▶ **Supplied material**
+++++

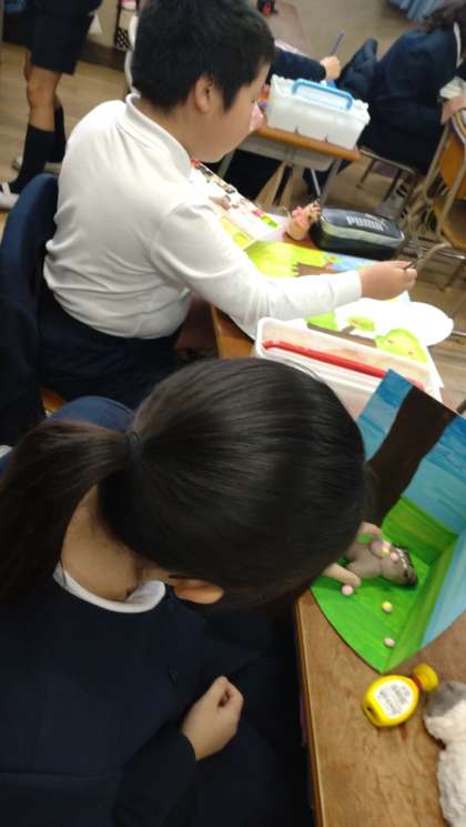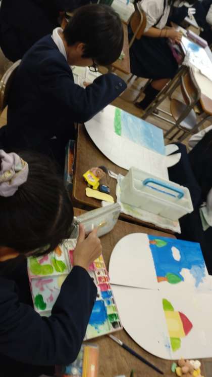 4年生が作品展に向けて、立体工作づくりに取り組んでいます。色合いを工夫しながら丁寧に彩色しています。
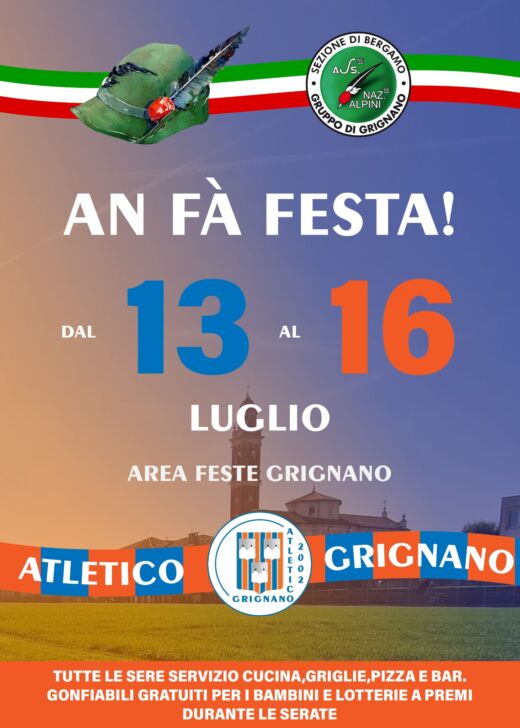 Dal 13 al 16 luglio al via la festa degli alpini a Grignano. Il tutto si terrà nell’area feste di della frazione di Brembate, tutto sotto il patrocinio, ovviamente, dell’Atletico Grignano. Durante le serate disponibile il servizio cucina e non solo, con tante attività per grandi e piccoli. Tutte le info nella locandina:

+++++

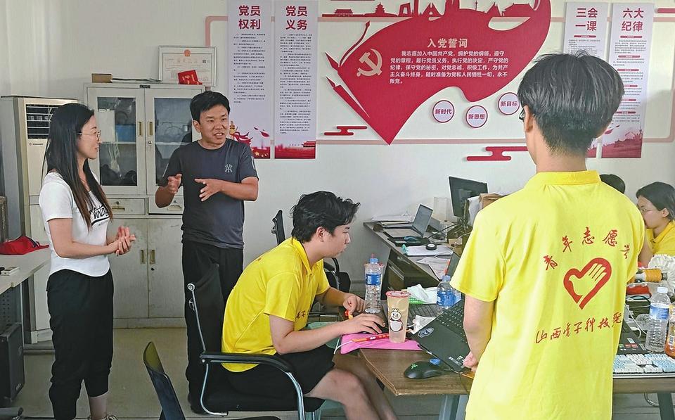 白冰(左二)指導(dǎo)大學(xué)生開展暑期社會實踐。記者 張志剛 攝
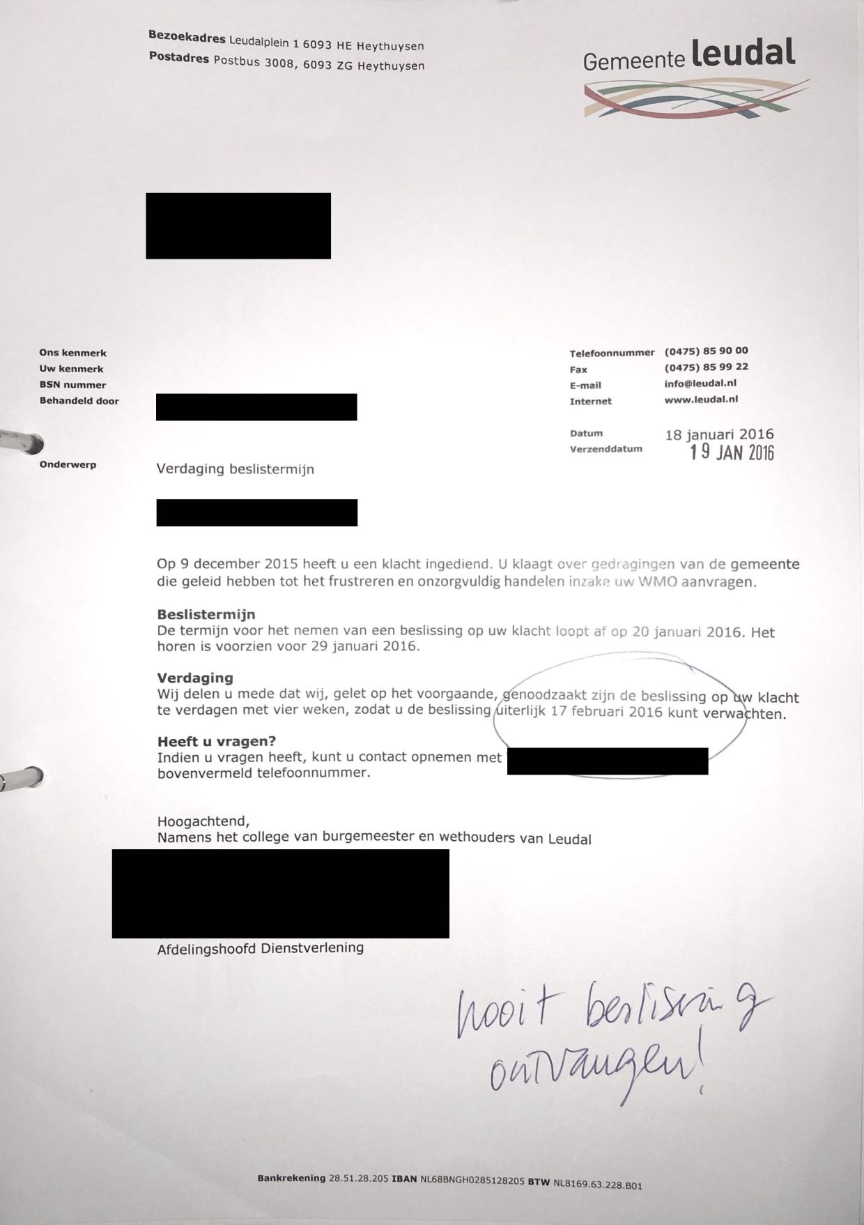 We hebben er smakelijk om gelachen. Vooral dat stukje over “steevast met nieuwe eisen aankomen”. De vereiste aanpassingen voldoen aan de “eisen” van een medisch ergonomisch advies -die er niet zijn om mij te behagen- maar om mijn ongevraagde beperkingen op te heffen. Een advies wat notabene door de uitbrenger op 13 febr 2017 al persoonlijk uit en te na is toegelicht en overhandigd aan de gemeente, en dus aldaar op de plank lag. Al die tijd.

+++++

▶ **Work to complete**
Look above and copy only the lines from the one holding "白冰(左二)指導(dǎo)大學(xué)生開展暑期社會實踐。記者 張志剛 攝" to the one holding "We hebben er", both included, exactly, minus the pictures.

▶ **Written response**
 白冰(左二)指導(dǎo)大學(xué)生開展暑期社會實踐。記者 張志剛 攝
 We hebben er smakelijk om gelachen. Vooral dat stukje over “steevast met nieuwe eisen aankomen”. De vereiste aanpassingen voldoen aan de “eisen” van een medisch ergonomisch advies -die er niet zijn om mij te behagen- maar om mijn ongevraagde beperkingen op te heffen. Een advies wat notabene door de uitbrenger op 13 febr 2017 al persoonlijk uit en te na is toegelicht en overhandigd aan de gemeente, en dus aldaar op de plank lag. Al die tijd.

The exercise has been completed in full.